Plasma Lp(a) concentrations in the population vary in more than 1000-fold range (from < 0.1 to > 100 mg/dL). Up to 90 % of this variation is attributable to genetic factors largely confined to LPA, the gene encoding apo(a) [13].

Lp(a) was first described in 1963 by Berg, who found high serum levels of Lp (a) to be inherited and associated with an increased risk for premature atherosclerosis [14]. However, only recently, a series of large prospective epidemiological and genetic studies has firmly established elevated plasma Lp(a) concentrations as an important, independent, causal risk factor for cardiovascular disease (CVD) [15,16]. The Copenhagen City Heart Study demonstrated an increase in risk of myocardial infarction with increasing levels of Lp(a) and showed that patients with Lp(a) levels > 50 mg/dl have an two-to-tree-fold increased risk to suffer from myocardial infarction [17,18]. Kamstrup et al., found a causal association between Lp(a) K-IV type 2 size polymorphism genotype, the resulting Lp(a) plasma levels and the incidence of myocardial infarction [19]. In a similar approach Kamstrup and collaborators found an association between elevated levels of Lp(a), the corresponding genotype and an increased risk for aortic valve stenosis, with Lp(a) levels of > 90mg/dL predicting a threefold increase of the risk for aortic valve stenosis [20]. Lp(a) concentration has also been associated with the risk of peripheral arterial occlusive disease, cerebrovascular ischemia and calcific aortic valve disease [21-23].

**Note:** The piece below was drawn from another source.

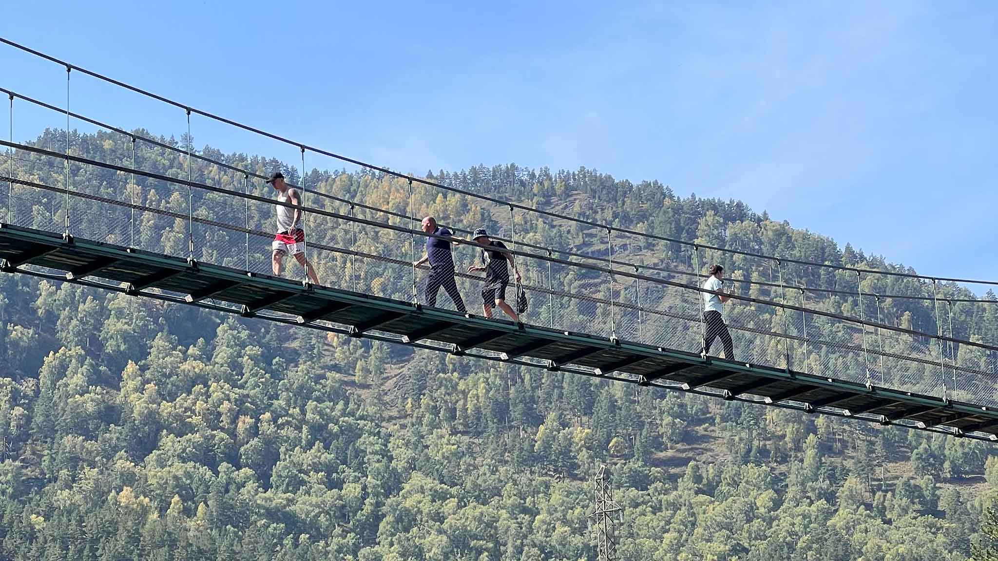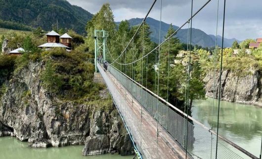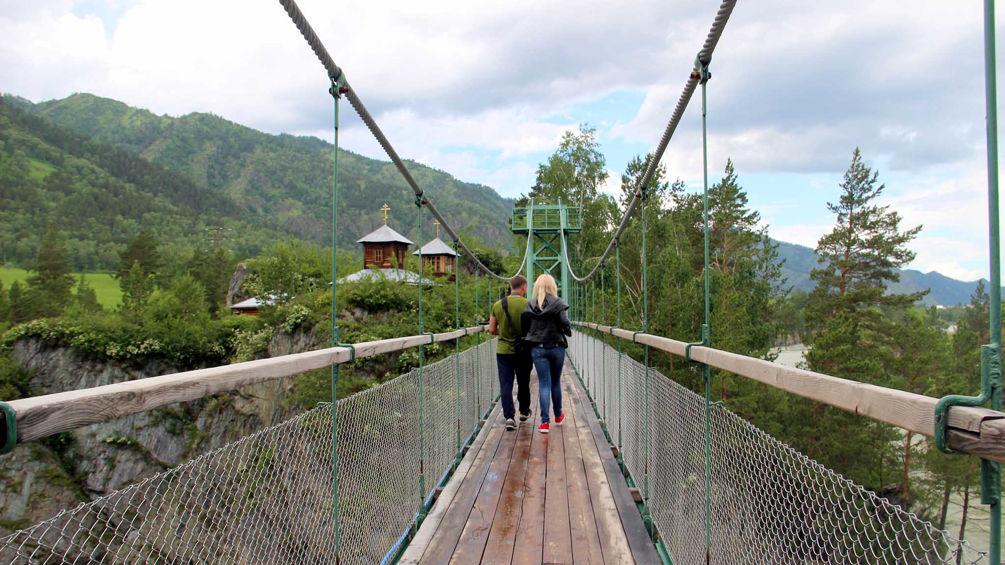 Первым делом предстоит преодолеть подвесной мост — это единственный путь на остров. Пешеходная переправа длиной около 1 километра находится на высоте 15 метров. При прохождении мост может раскачиваться, поэтому пройти по нему решаются не все. Зато по пути открываются красивые виды на реку Катунь и сам остров Патмос. Мост безопасен и оборудован перилами, стальными тросами и защитной сеткой.

While most scientific societies recommend Lp(a) measurement in all patients with premature coronary disease or premature stroke, they are prudent in recommending the measurement of Lp(a) routinely for assessing CVD risk [24,25]. Despite all data establishing Lp(a) as an independent causal factor for the development of premature atherosclerosis, there are concerns about Lp(a) measurement for determination of cardiovascular risk. These concerns are related with the challenges in Lp(a) determination, the highly variable Lp(a) concentrations among different ethnic groups, the lack of intervention studies demonstrating that lowering Lp(a) reduces cardiovascular events and the lack of effective medications lowering Lp(a). For the first time, in 2016, the European Guidelines on vascular disease prevention in clinical practice included Lp(a) determination in the extended screening of patients at moderate risk for CVD [26]. Also the European Atherosclerosis Society (EAS) Consensus Panel recommended that Lp(a) should be measured in patients with premature CVD, familial hypercholesterolemia, a family history of premature CVD and/or elevated Lp(a), recurrent CVD despite statin treatment and patients with intermediate or high risk of CVD [15].

The consensus statement of the EAS considers Lp(a) concentrations below the 80th percentile (<50 mg/dl) as desirable [15]. Plasma Lp(a) concentrations have been found to be relatively resistant to dietary or other lifestyle interventions, as well as to classical lipid-lowering therapies such as statins and fibrates [27]. Niacin (nicotinic acid) reduces Lp(a) but is often poorly tolerated. Some of the lipid modifying drugs in development lower Lp(a) to some extent in addition to low-density lipoprotein cholesterol (LDL-c) reduction, but the only specific approach to reduce Lp(a) levels in investigation is the apo(a) antisense oligonucleotide [28,29]. Since lipoprotein apheresis lowers not only LDL-c but also Lp(a) significantly, its use is recommended in very high-risk patients with early or progressive CVD [30]. We report a case of a woman with extreme high Lp(a) plasma concentrations and premature cardiovascular disease, resistant to medical therapy and with favorable evolution after initiation of lipoapheresis.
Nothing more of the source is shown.